The researchers drew particular attention to the routine delivery of radiotherapy to the regional lymph nodes in patients with breast cancer. They noted that this strategy may be impairing immune activity, and suggested that preserving the lymph nodes could be critical to the effective combination and sequencing of radiotherapy with immune checkpoint blockade prior to surgery.
Conclusions
“Our study represents a major advance in our understanding of the dynamics of [tumor-infiltrating lymphocytes] in response to radiotherapy in breast cancer. Despite the explosion of interest in the immunogenic potential of radiotherapy, a huge gap has persisted in our knowledge about the effect of radiation alone on the breast [tumor-immune microenvironment],” detailed senior study author Navita Somaiah, DPhil, Group Leader of the Translational Breast Radiobiology Group at the Institute of Cancer Research and an honorary consultant clinical oncologist in the Breast Unit at The Royal Marsden National Health Service Foundation Trust. “This work has started to close that gap, but it also highlights the need for deeper interrogation of factors such as dose fractionation, the timing of radiotherapy, and volumes irradiated, so that we can optimize radiation-induced immunogenic cell death,” she highlighted.
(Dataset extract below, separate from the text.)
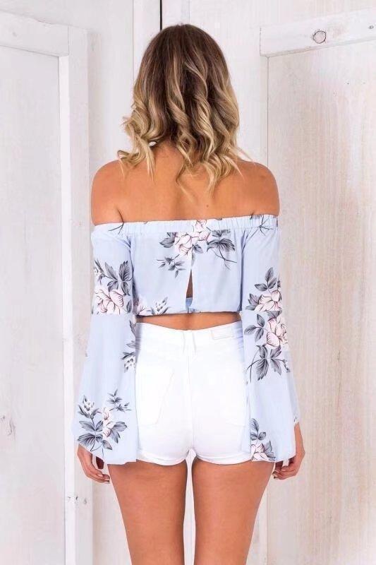 Off Shoulder Print Long Sleeve Casual Tops Shirts Blouse
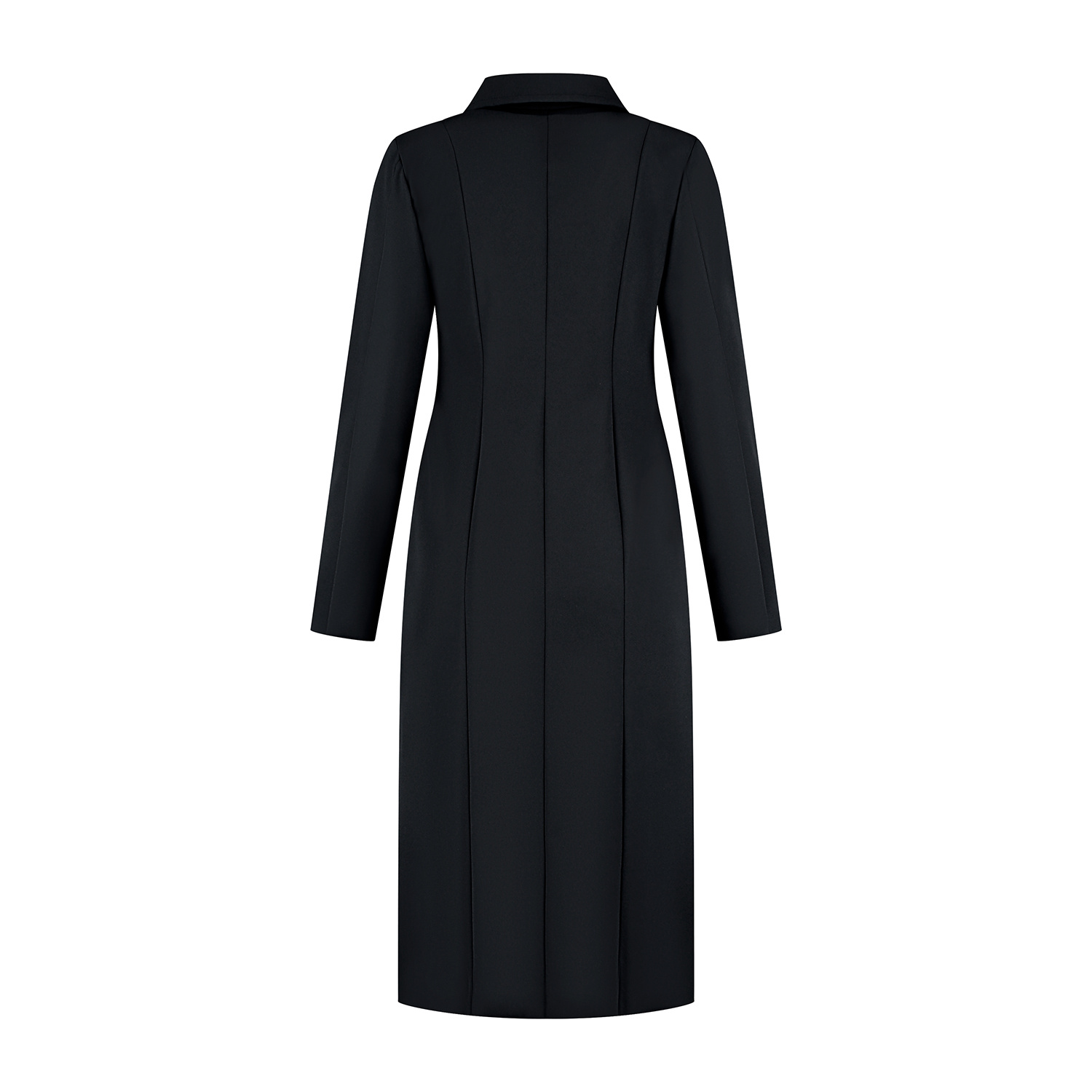 Lange jas met kraag en diverse figuur- deelnaden rondom. De jas heeft voorraan een kort smal pasje met knoopsluiting. De jas is voorzien van een voeringstof en is gemaakt in een stevige double wave kw...

The findings may have clinical implications, particularly in relation to the design of future radiotherapy clinical trials. In the longer term, the researchers indicated that the results of their study could lead to the development of more effective combination therapies involving radiotherapy and immunotherapy, which could improve outcomes in patients with high-risk breast cancer.
The researchers emphasized that further studies are needed to determine how to use radiotherapy to maximize the benefits of other treatments such as immunotherapy.
“The recent trials testing the safety of [neoadjuvant radiotherapy] in breast cancer gave us a unique opportunity to test the effects of radiotherapy in vivo. Our data set represents a unique insight into the relationship between radiation and [the tumor-immune microenvironment], and it brings into question the widely held belief that radiotherapy converts immunologically ‘cold’ tumors into ‘hot’ tumors,” said co–lead study author Miki Yoneyama, BSc, a PhD student in the Translational Breast Radiobiology Group at the Institute of Cancer Research. “Our findings will likely contribute to the ongoing debate about the merits of lymph node irradiation for patients receiving immunotherapies. We hope that further exploration of this complex area of radiobiology will ultimately lead to improved outcomes for everyone living with breast cancer.”
Disclosure: The research in this study was funded by the Institute of Cancer Research. For full disclosures of the study authors, visit redjournal.org.